Elle jeta un coup d'œil discret pour vérifier si son sac était toujours là. Oui, au pied du lit, tranquille. Narcisse était un ange — du moins, à ce moment-là, elle le pensait. Mais plus tard, sans la potion, ça changerait. Alors, sans un mot, elle se pencha. Enfin… elle essaya. Elle manqua de se vautrer par terre. D’habitude, elle aurait rougi et poussé un petit cri, mais là, même pas. Elle était zen. Complètement à l’ouest, mais zen. Elle attrapa son carnet en cuir, se redressa en tremblotant un peu, puis arracha une page d’un geste pas très propre. Sans rien dire, elle tendit le bras vers sa voisine pour lui donner le bout de papier. Quand elle le prit enfin, Lilith ne lâcha pas tout de suite. Elle marmonna, dans un bâillement :

T’as… koi… tuua ?

T’es là pourquoi ? voulait-elle dire, mais décidément, parler devenait une vraie épreuve. Son ventre choisit ce moment pour grogner, un vrai rugissement de monstre affamé. Elle aurait pu manger un bœuf entier. Ou même des bonbons collants qu’elle n’aimait pas d’habitude. Là, elle aurait englouti n’importe quoi. Alors, comme un petit animal traquant sa proie, elle regarda autour d’elle à la recherche de nourriture. Bon, ce n’était pas l’heure de manger. Tant pis. Elle se résigna à fouiller des yeux les restes des autres… en espérant qu’il y ait au moins une miette abandonnée quelque part.
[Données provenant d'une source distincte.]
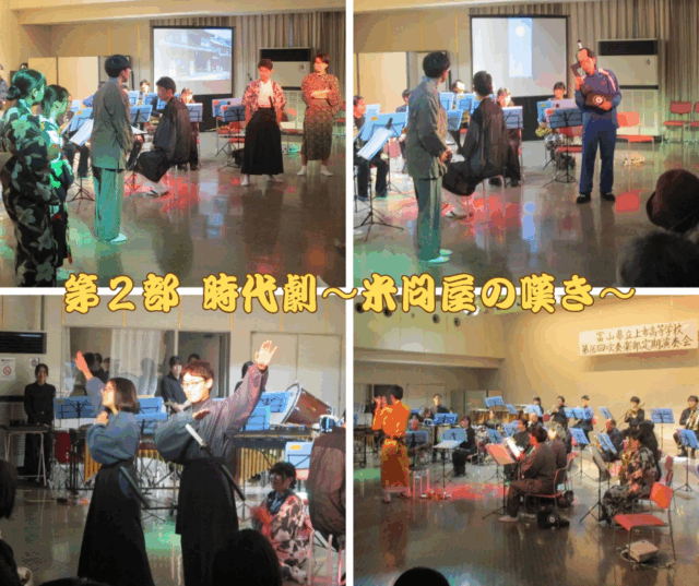 今回の目玉の第2部では、毎年ナレーションをお願いしている放送部に加え、演劇部員が演者として参加し、米問屋と悪代官・城主・侍のドタバタを描いたを音楽時代劇を作り上げました。笑いあり涙ありのステージとなり大いに盛り上がりました。
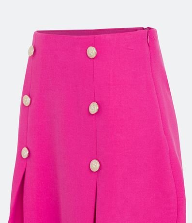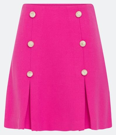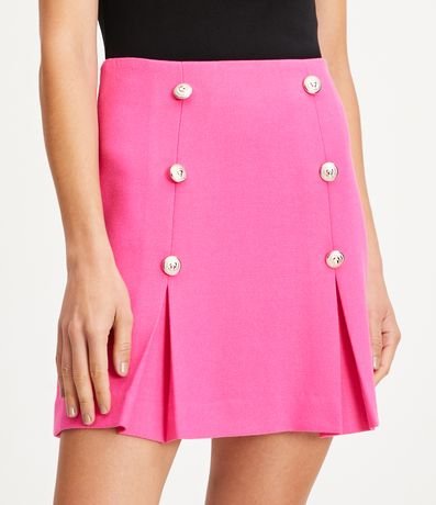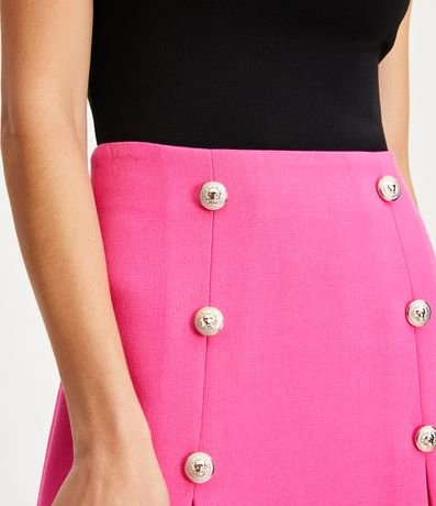 Ref: Saia acima dos joelhos em piquet com botões diferenciados. Conta com tecido texturizado e pregas na barra
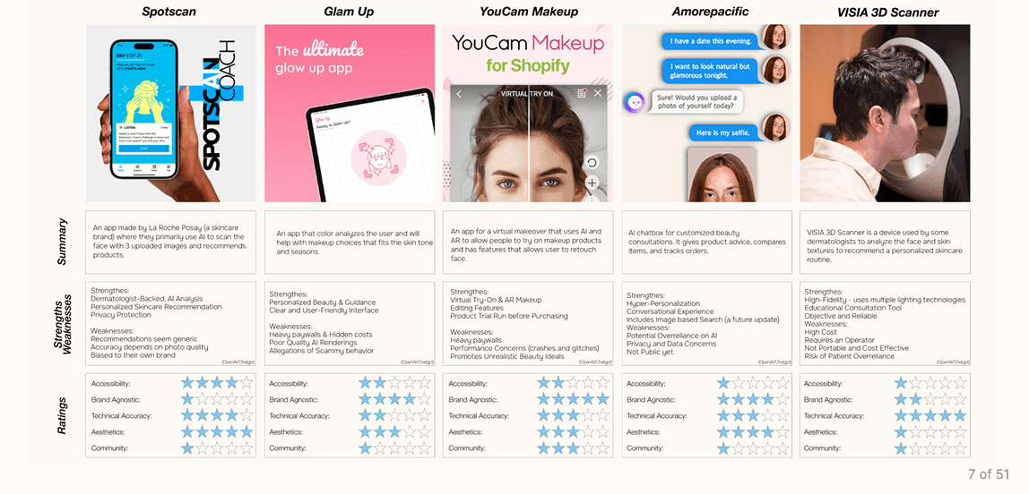 The current landscape of beauty tech is fragmented. Most apps fall into either unrealistic AR or generic recommendations, leaving a gap in tools that combine realistic AR with smart, skin-aware routines. This quadrant—currently underserved—is where our app thrives: offering personalized guidance that’s both technically accurate and emotionally resonant.
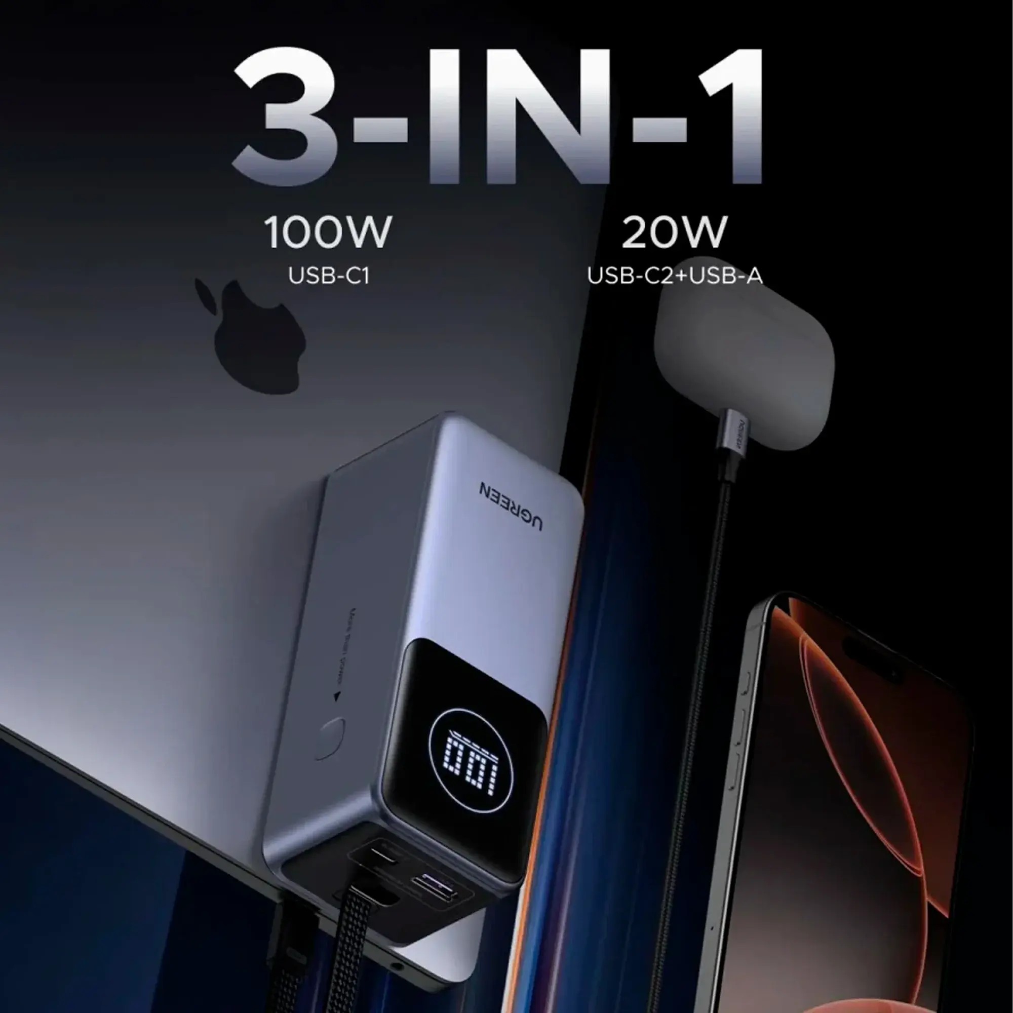 Внешний аккумулятор UGREEN PB723 PD 20000mAh,130W оснащен 2 разъемами 1хType-C + 1хUSB-A и встроенным кабелем USB-C, что позволяет подключить к нему одновременно несколько устройств и не беспокоиться об их безопасности.
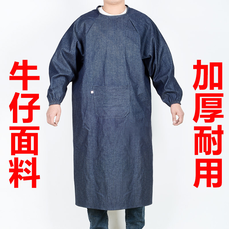 牛仔布罩衣围裙长袖防脏耐磨厚工作服防污搬运电焊反穿衣劳保倒褂
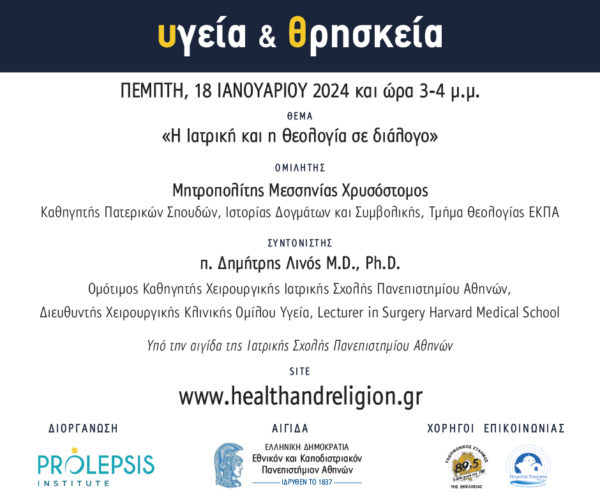 Την Πέμπτη 18 Ιανουαρίου 2024 και ώρα 15:00 – 16:00, θα πραγματοποιηθεί η τρίτη φετινή ομιλία του κύκλου διαδικτυακών μαθημάτων «Υγεία και Θρησκεία», τα οποία επιμελείται και συντονίζει ο Ομότιμος Καθηγητής της Χειρουργικής, π. Dimitrios Linos.
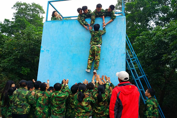 時間。大家一致推選營銷副總擔任總司令,并制定出在1個小時內(nèi)完成的目標。項目是要求每位成員都要翻越4米多高的光滑墻面,且不能
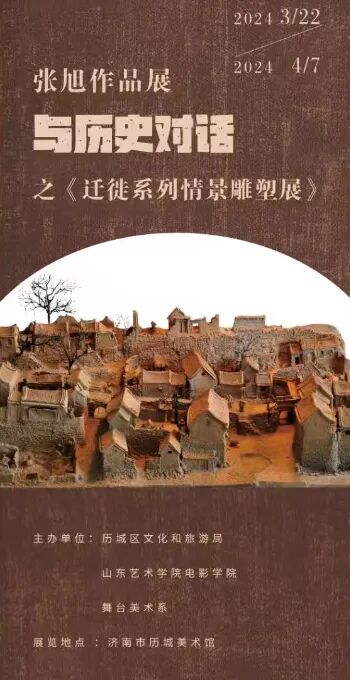 3月22日,由山东艺术学院电影学院舞台美术系、历城区文化和旅游局主办,历城区美术馆承办的张旭作品展《与历史对话》迁徙系列情景雕塑展在历城美术馆开幕,共展出山东艺术学院电影学院张旭老师迁徙系列情景雕塑、绘画作品50余件,此次展览为历城区美术馆开馆来首次雕塑、油画题材艺术展览,充分展示了张旭老师深厚的艺术文化底蕴,作品体现了鲜活的社会画卷,为观众带来了全新的视觉体验。
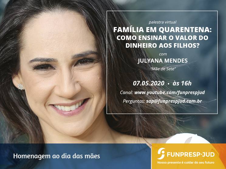 Em homenagem ao Dia das Mães, a Funpresp-Jud realizará uma live com Julyana Mendes, conhecida nas redes sociais como “Mãe de Sete”. O evento será no dia 7 de maio (quinta-feira), às 16 horas, pelo canal da Fundação no Youtube. O tema será: Família em Quarentena: como ensinar o valor do dinheiro aos filhos?
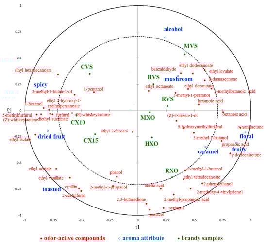 3.3. Correlation between Odor-Active Compounds and Aroma Attributes of Brandies
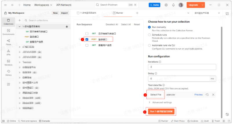 选择对应的测试集的 Collections—> Run。
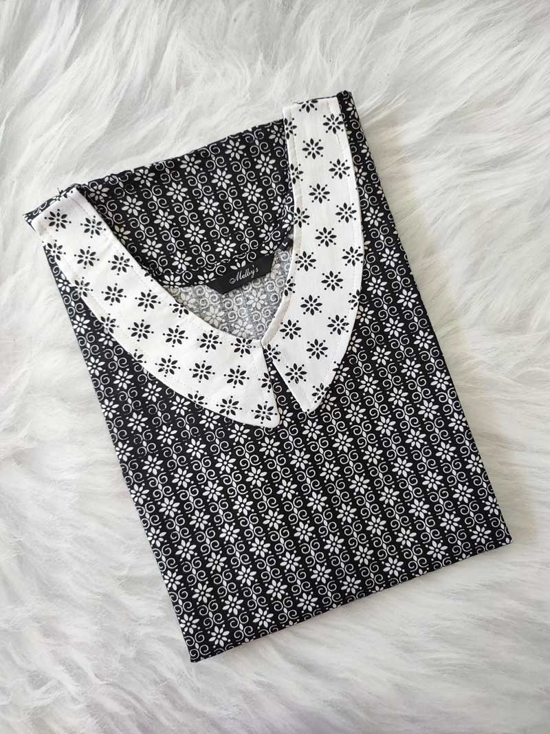Comfortable Churidar Model Cotton Nighty with Peter-Pan Collar – 55 Inches Long – Black
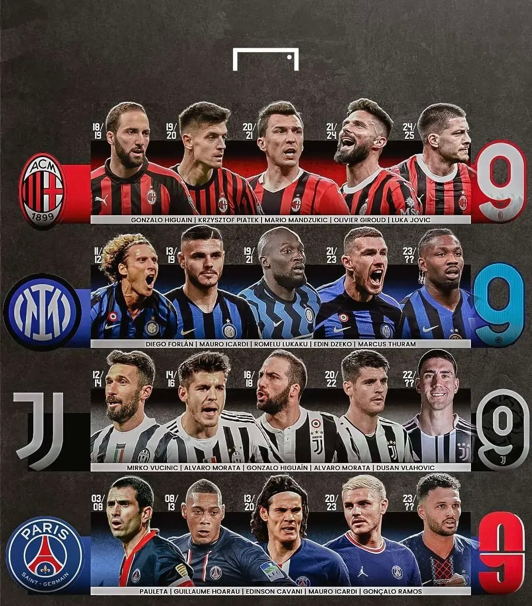 欧冠 GOAL统计了米兰、国米、尤文、巴黎史上最近的五个9号球员,你认为各自球队哪个更强?巴黎圣日耳曼
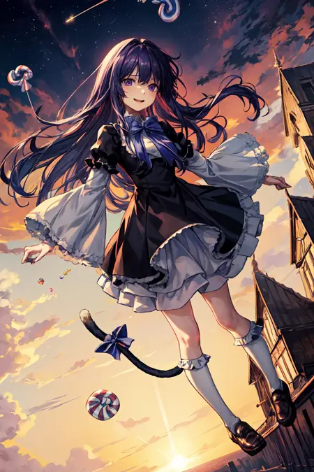 Minor prompt words: purple eyes*, tail ornament*
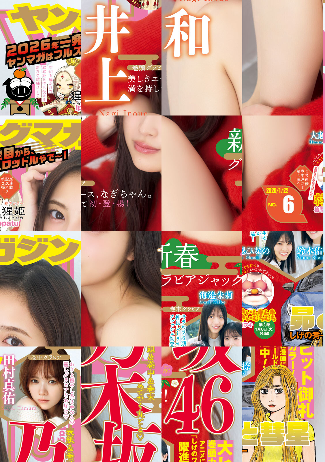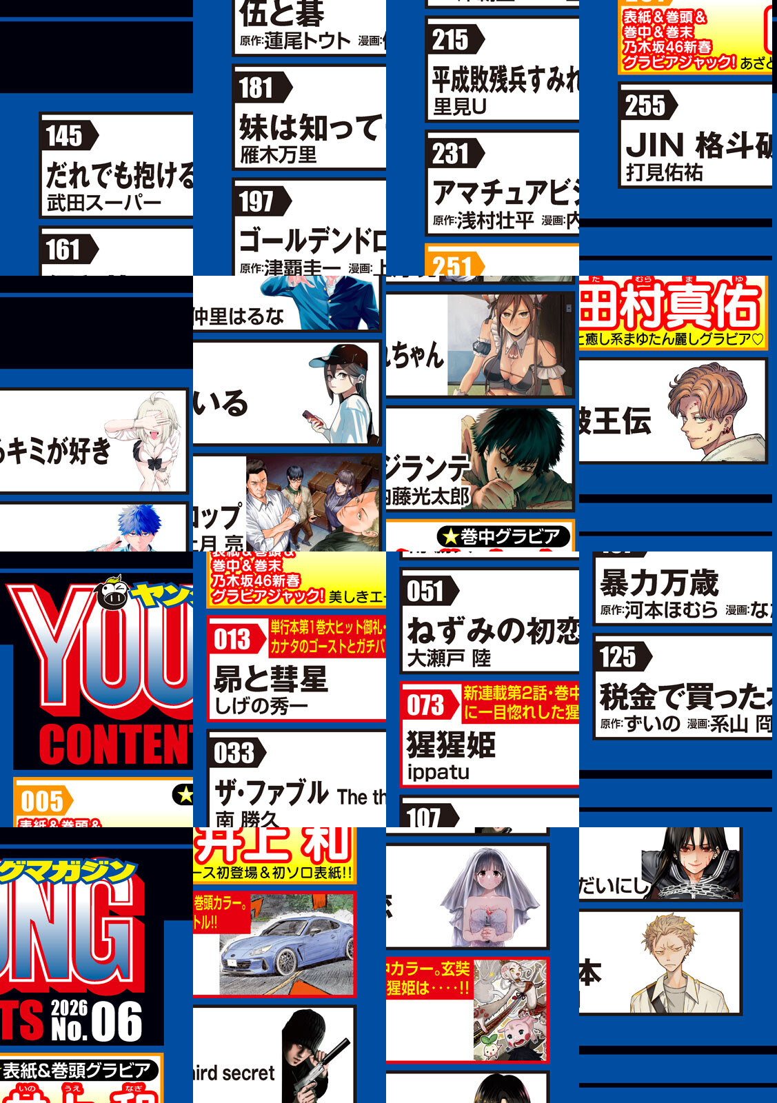 〈巻頭カラー〉『昴と彗星』しげの秀一 単行本第1巻 大ヒット中!工藤彗星、予選で爆走!カナタのゴーストとガチバトル!〈巻中カラー〉『猩猩姫』ippatu 新連載カラー第2弾!玄奘に一目惚れした猩猩姫。バレないように追いかけるも、恋する乙女に試練が立ちはだかる!『大きいムキムキ小さいむちむち』檜原フキ 2026年のむち初めに『ムキむち』はいかがでしょうか!! 華麗に花火が打ち上がろうともムキムキ青年の目には映らず、彼は”ある事”をやっと認める──。〈表紙・巻頭グラビア〉最高の新年がスタート!乃木坂46新春グラビアジャック!! 井上和 美しきエース、ヤンマガ初登場&初ソロ表紙!! 〈巻中グラビア〉田村真佑 あざと癒し系まゆたん麗しグラビア♪ 〈巻末グラビア〉大越ひなの 海邉朱莉 鈴木佑捺 キラキラ6期生の仲良しトリオ初登場★
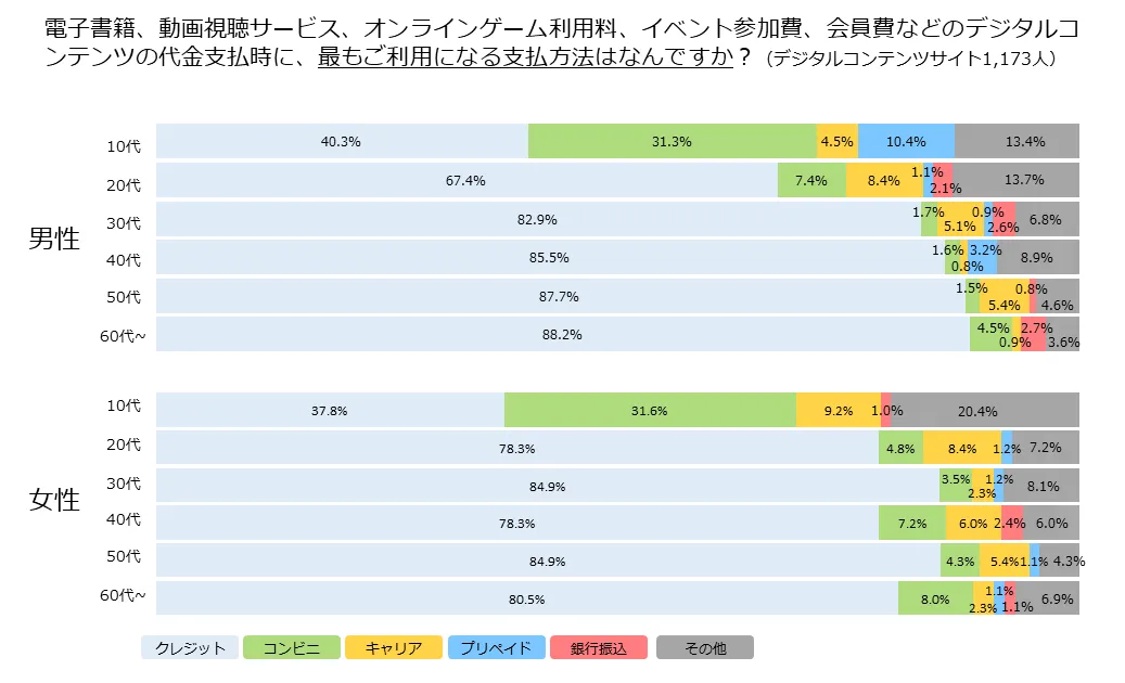 デジタルコンテンツサイトでの10代のコンビニ決済利用率は男女ともに30%超え、10代男性の10.4%がプリペイドカード決済を利用
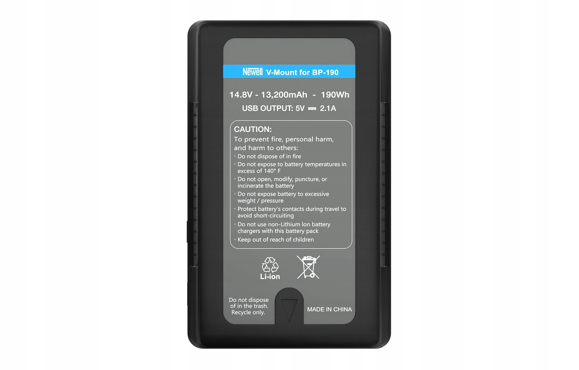 Когда вы снимаете профессионально, вы не можете допустить неожиданного отключения электроэнергии. Newell BP-190 V-Mount гарантирует высокое качество, безопасность и передовые технологии по привлекательной цене. Аккумулятор с креплением V-Mount (V-Lock) подходит ко многим профессиональным камерам, в том числе: Sony, Red, Arri, Blackmagic и различные типы освещения.
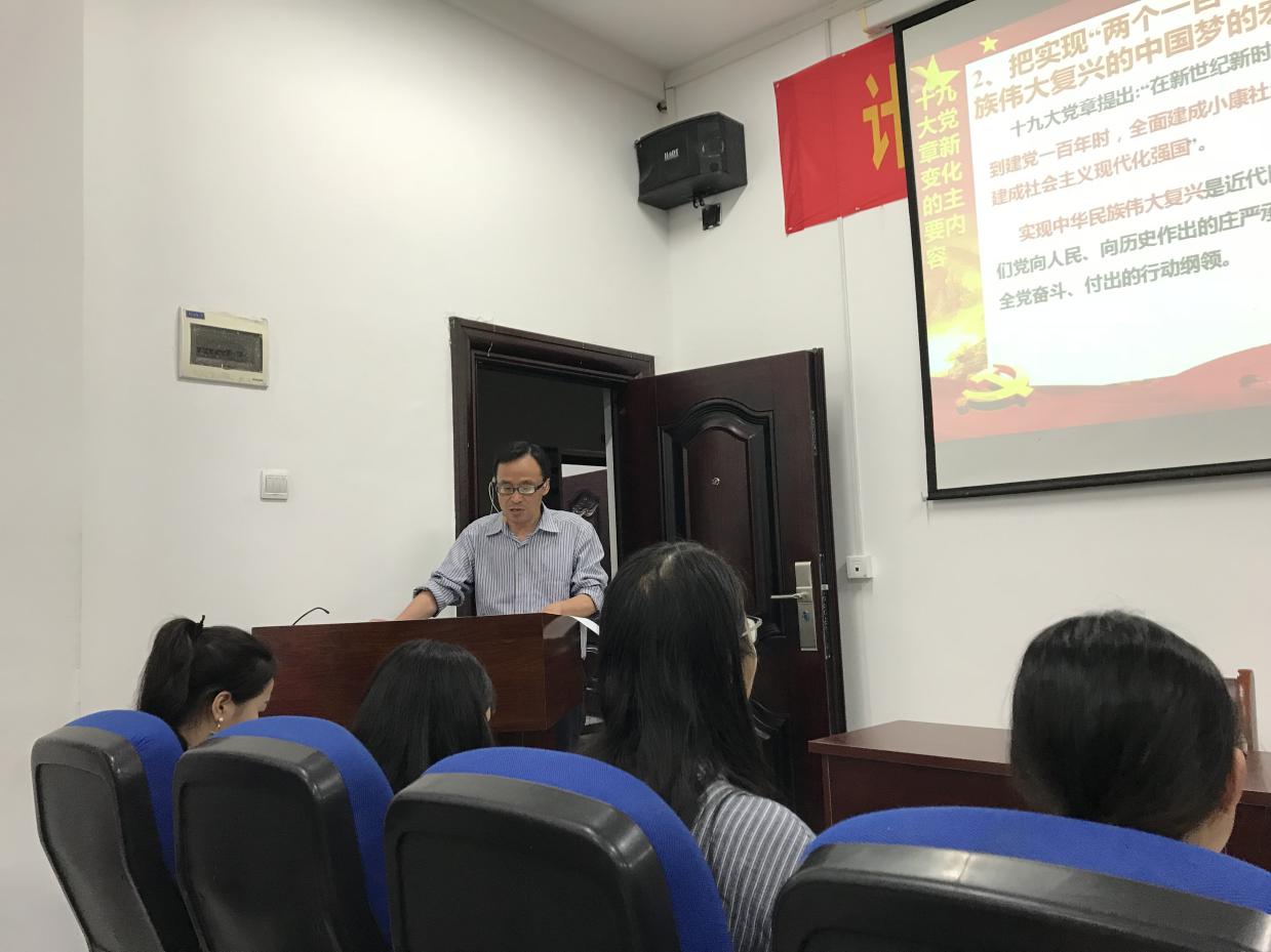 为认真学习贯彻落实党的十九大会议精神,贯彻学校党委关于总支书记讲党课的要求,54日晚,计算机学院党总支书记何中林为100余名学生党员和入党积极分子讲授了题为《浅论十九大党章的修改内容及特点》的讲座。
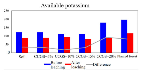 As shown in Figure 18, before and after leaching, the content of available potassium changed significantly with different CCGS content, and the difference increased with the increase of CGS content. The results showed that the addition of CGS had a weak effect on soil available potassium, and the higher the content of CGS, the weaker the effect. Taking planted forest as the expected goal of improvement, it can be found that when the amount of CGS is 10–15%, the retention effect of available potassium is better than that of the planted forest sample, and the content is close to that of the planted forest sample.
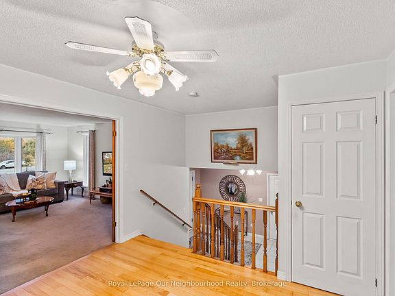 This inviting home is perfect for entertaining and everyday living! Enter through french doors into the bright living room, flowing seamlessly into a dining area with hardwood floors and a spacious kitchen with rich wood cabinets. The large primary suite offers plenty of closet space, a 4pc semi-ensuite, and deck access overlooking your private backyard. A second bedroom completes the main level, while the finished lower level adds a cozy family room with a gas fireplace, a third bedroom, and a 3pc washroom. Set on just over an acre of treed privacy with an attached 2-car garage and a large detached garage/shop with hydro. Just minutes to Brighton and the 401- ideal for growing families or those seeking extra space.

Rien. Nada. Le désert.

Elle se tourna de nouveau vers sa voisine, sans la moindre gêne : «T’as… hin truk ?». Elle renifla bruyamment, sans aucune élégance. Drôle de potion. Elle s’était transformée en ours mal léché. «À mongeer...». Et elle tendit la main, toute molle, les doigts entrouverts.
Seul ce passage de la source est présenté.